Boiling Point Workshop Offers ‘Alternative To Violence’ By Exploring The Makeup Of Anger

Look around you.

See the anger out there?

Some examples are easy to spot. Random shootings by deranged surfers. Planned bombings by societal fringe-dwellers. Brutal beatings by abusive spouses.

Those are only the obvious illustrations.

Some are far less recognizable.

When you watch Dennis Miller excoriate a politician with his trademark smirk, that’s anger. The same is true with tabloid stories that mock the expanding waistlines of famous movie stars. Ditto the silent treatment many teenagers hurl at their parents.

The question is: Where does it come from?

And the associated problem that many mental health professionals face is: What do we do about it?

John Lee believes he has an answer.

The Texas author/teacher/therapist has made anger his life’s work. In seminars such as the one he will hold at Gonzaga University on Saturday, Lee offers what he calls “an alternative to violence.”

It’s an option that Ken Cochran and Lori Hansel have taken to heart.

Cochran and Hansel, counselors at Shaw Middle School, arranged for Lee’s third visit to Spokane. During his first stay in 1994, Lee led an anger workshop. A year later, he was part of a three-day men’s conference overseen by Robert Bly.

This time, Cochran and Hansel expect many Spokane-area school counselors will take advantage of the same Lee-led training that they began last June. The two Shaw counselors have traveled three times to Lee’s workshops in North Carolina. Now, as certified P.E.E.R. counselors (the acronym stands for Primary Emotional Energy Response), they use Lee’s techniques to defuse anger in Shaw’s hallways.

“Almost any day we’ll have some kid come in who is so angry at something, and he just needs me to say, ‘OK, I really hear that you’re angry, anger is OK, tell me about it,”’ Cochran says. “Once they are able to do that, most of them calm down.”

So where does the anger come from? Volumes have been written on the subject. Genetics plays a part. The bonding of an infant with its parents is key. Early-childhood instruction is definitely a factor.

But this is what every parent knows for sure: By the time adolescence arrives, anger is not just a concept; it is a living entity that can consume the very air a family breathes.

“One of the things that adolescence is is a time of charge-building,” says Lee, whose most recent book is titled the same as his workshop, “Facing the Fire: Experiencing and Expressing Anger Appropriately.” “The body is like a dynamo, and the charge begins at birth. Maybe even before birth. But it really starts to hit a high level of charge around adolescence.”

What happens, says Lee, is that this so-called charge collides with societal expectations involving discipline and the need for self-control. And when the unstoppable force of anger smashes into the unmovable wall of parental authority, the result can be an unhealthy situation.
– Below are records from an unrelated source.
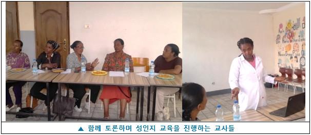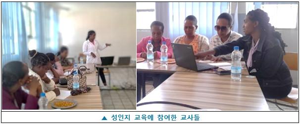 11월에는 교사 대상 별도의 성인지 교육도 진행되었습니다. 이번 교육은 성매개 감염병, 자궁경부암, 생식 위생에 대한 인식을 높이고, 특히 학교에 재학 중인 여학생과 청소년들을 대상으로 올바른 건강 정보를 전달하기 위해 진행되었습니다. 이번 교육은 지역 보건소 간호사인 Sr. Embet Legesse의 자기소개와 활동 배경 설명으로 시작되었습니다. 참석한 교사들은 강의 형식에 더해 소그룹 토의, 자기 점검 활동 등 다양한 참여형 방식을 통해 내용을 함께 나누며 이해를 높였습니다.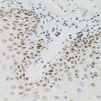 Immunohistochemistry of paraffin-embedded esophagus(hu) using AKAP8 antibody at dilution of 1:150.
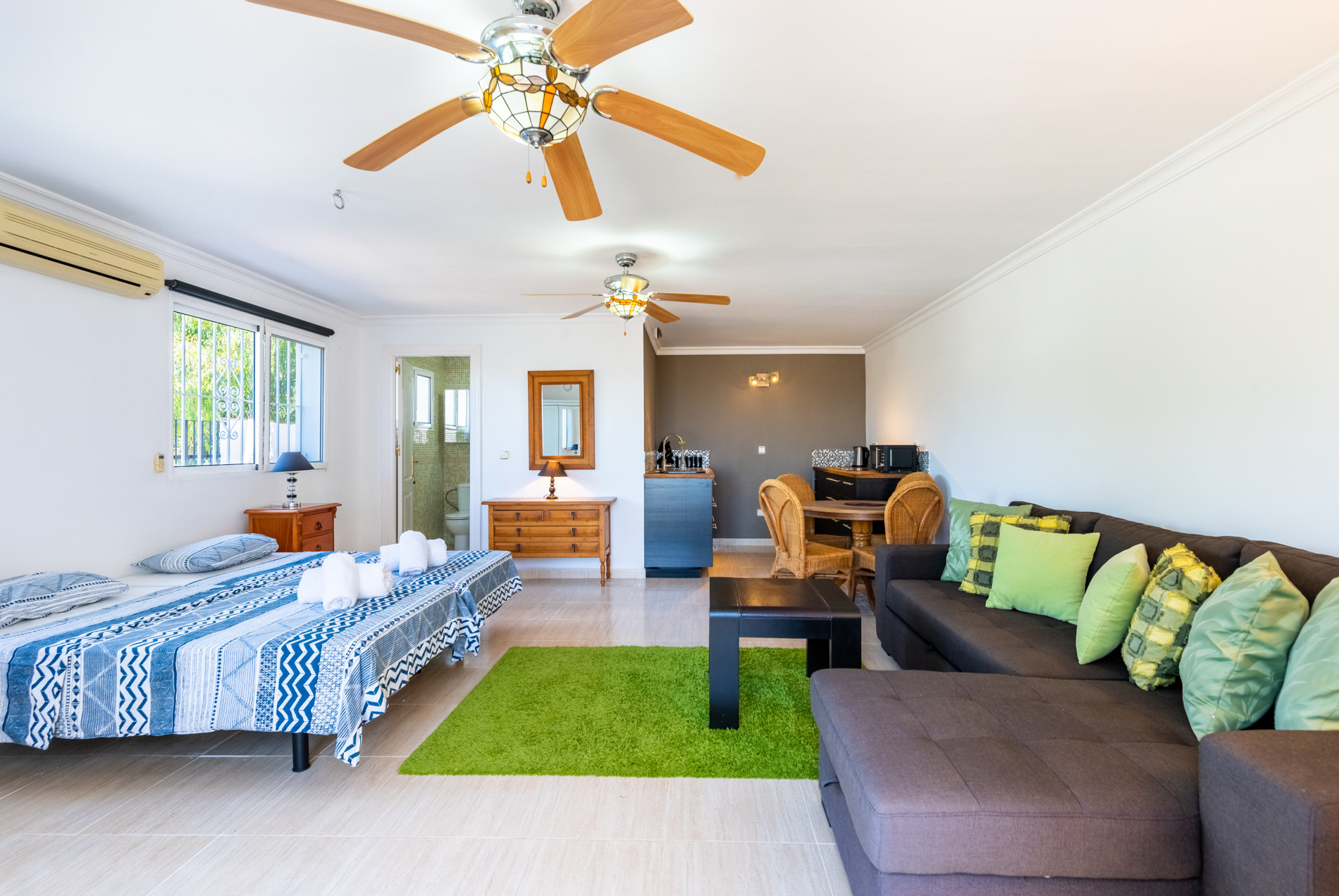 The villa, as well as the two apartments, have air conditioning in all rooms and there are parking spaces for several vehicles on the premises.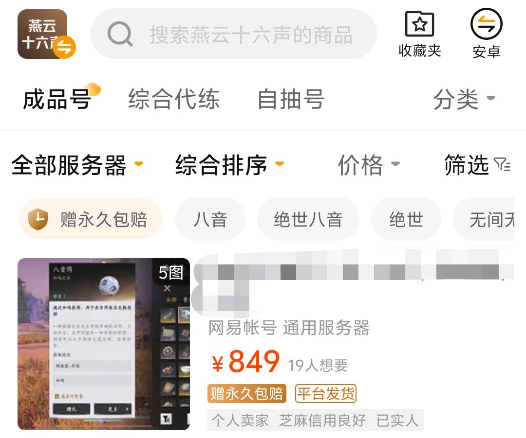 关于燕云十六声账号交易平台推荐目前就给大家介绍到这里了,在这里无论是想要八音翘、无见无相以及万剑归宗等等道具的账号都能够通过筛选等关键词来搜索到,不想直接在自己账号中氪金但是又羡慕其他玩家有着超级豪华坐骑以及套装的玩家就赶快下载试试吧。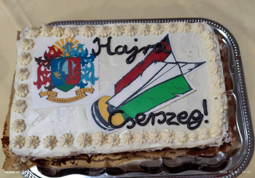 címerével, Hajrá Cserszeg! felirattal és 24-es számot formázó gyertyával. A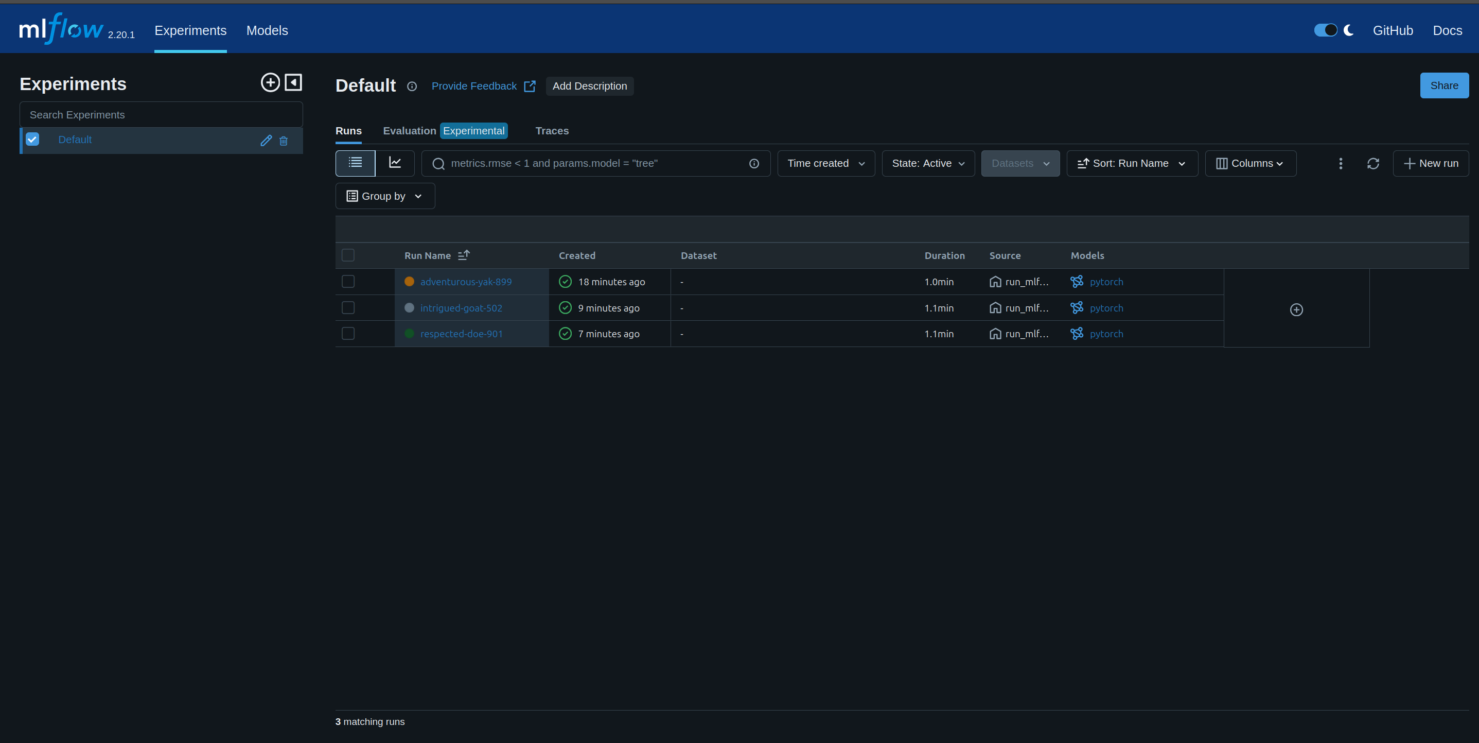 MLFlow experiment overview |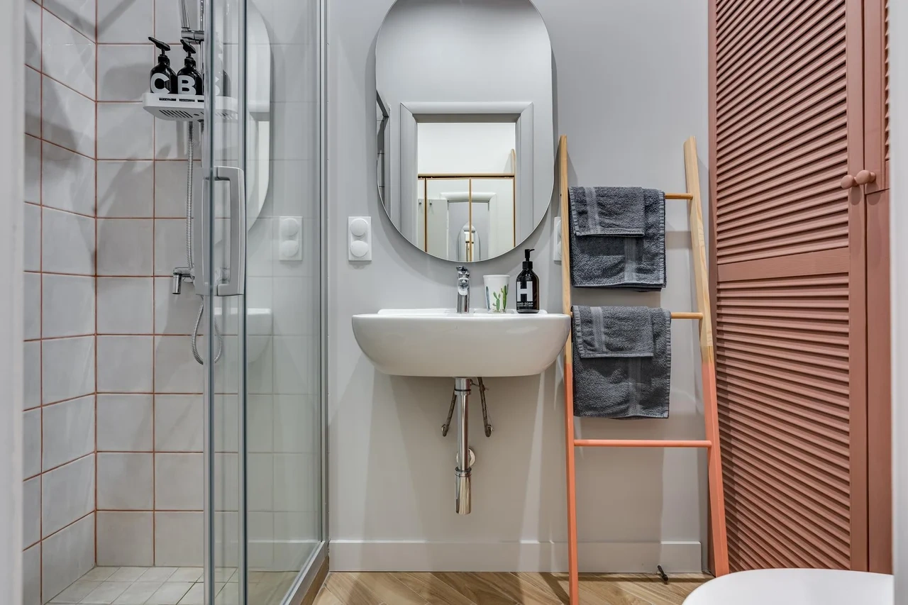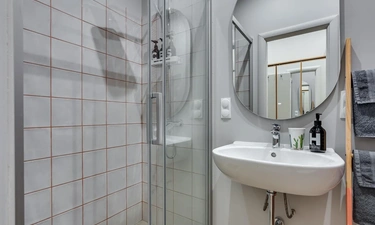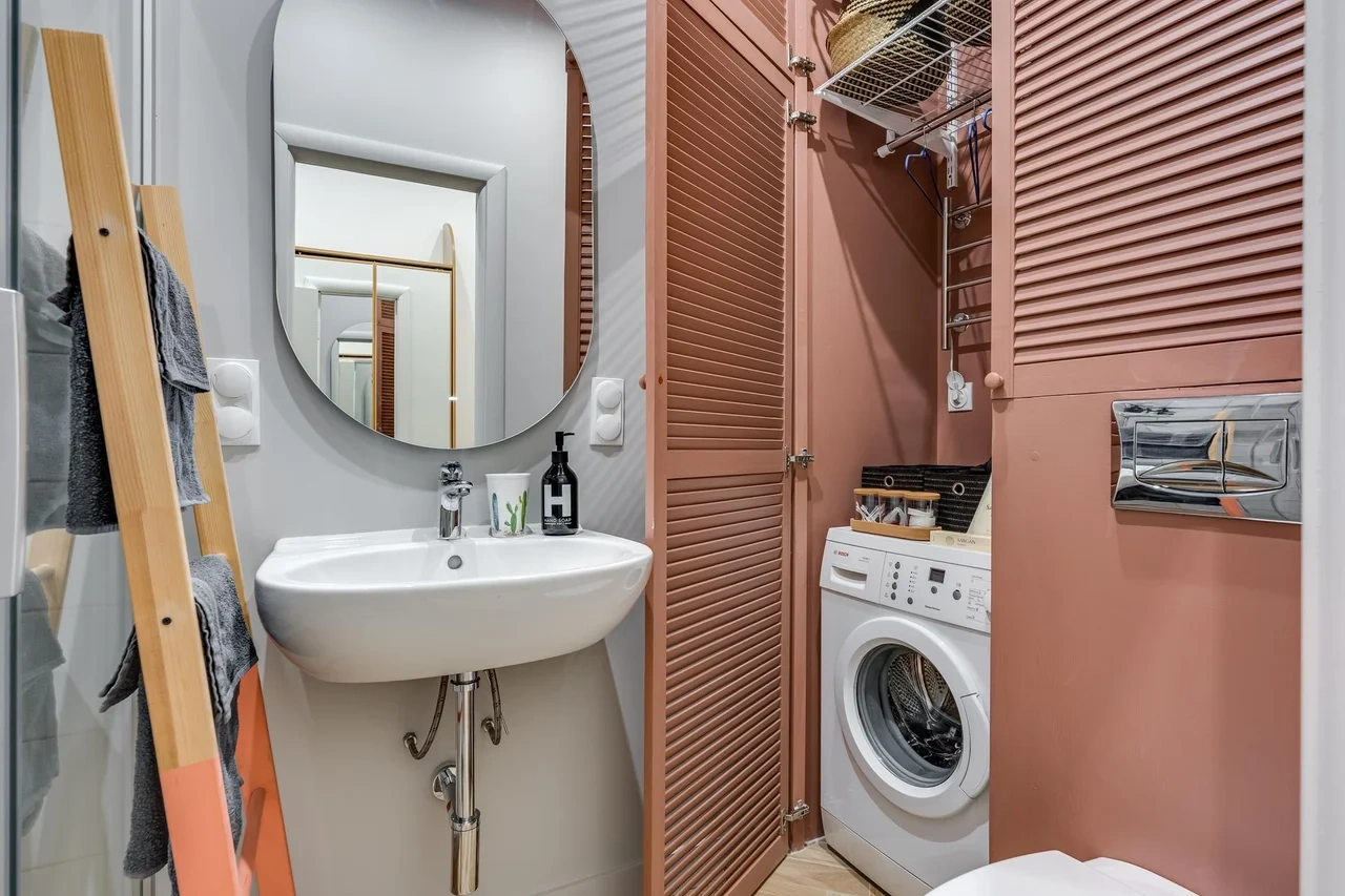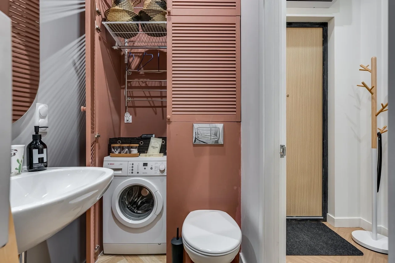 В САНУЗЛЕ – душевая кабина, стиральная машина, сушильный шкаф. Есть фен, гель для душа, шампунь, кондиционер для волос, ватные палочки, диски и др.

“Children start stuffing it (anger) around the age of 3 or 4 or 5,” Lee says, “and by the time adolescence kicks in, by the time their body kicks in, they’re drowning in a sea of unexpressed emotion. And they don’t know what to do with it.”

Healthy anger, according to Lee, transforms into one (or all) of the following nine dysfunctional actions: shaming, blaming, criticizing, demeaning, demoralizing, preaching, teaching, judging or analyzing. Four more-advanced examples entail interrogating, intimidating, withdrawing or acting like a martyr.

“We DO need to teach discipline,” Lee insists. “We DO need to teach self-control. But we also need to teach how to release our emotions in safe, effective, appropriate ways. And we’re not doing that.”

Lee is a fan of physical expressions of anger. But only - and he stresses this - when they are worked out in safe, non-threatening ways. Traditional contact sports such as football do not qualify, he says, because they tend to generate as much anger as they release.

For Lee, non-contact sports such as running work much better. Or, when he counsels teenage boys, he has them push hands with him.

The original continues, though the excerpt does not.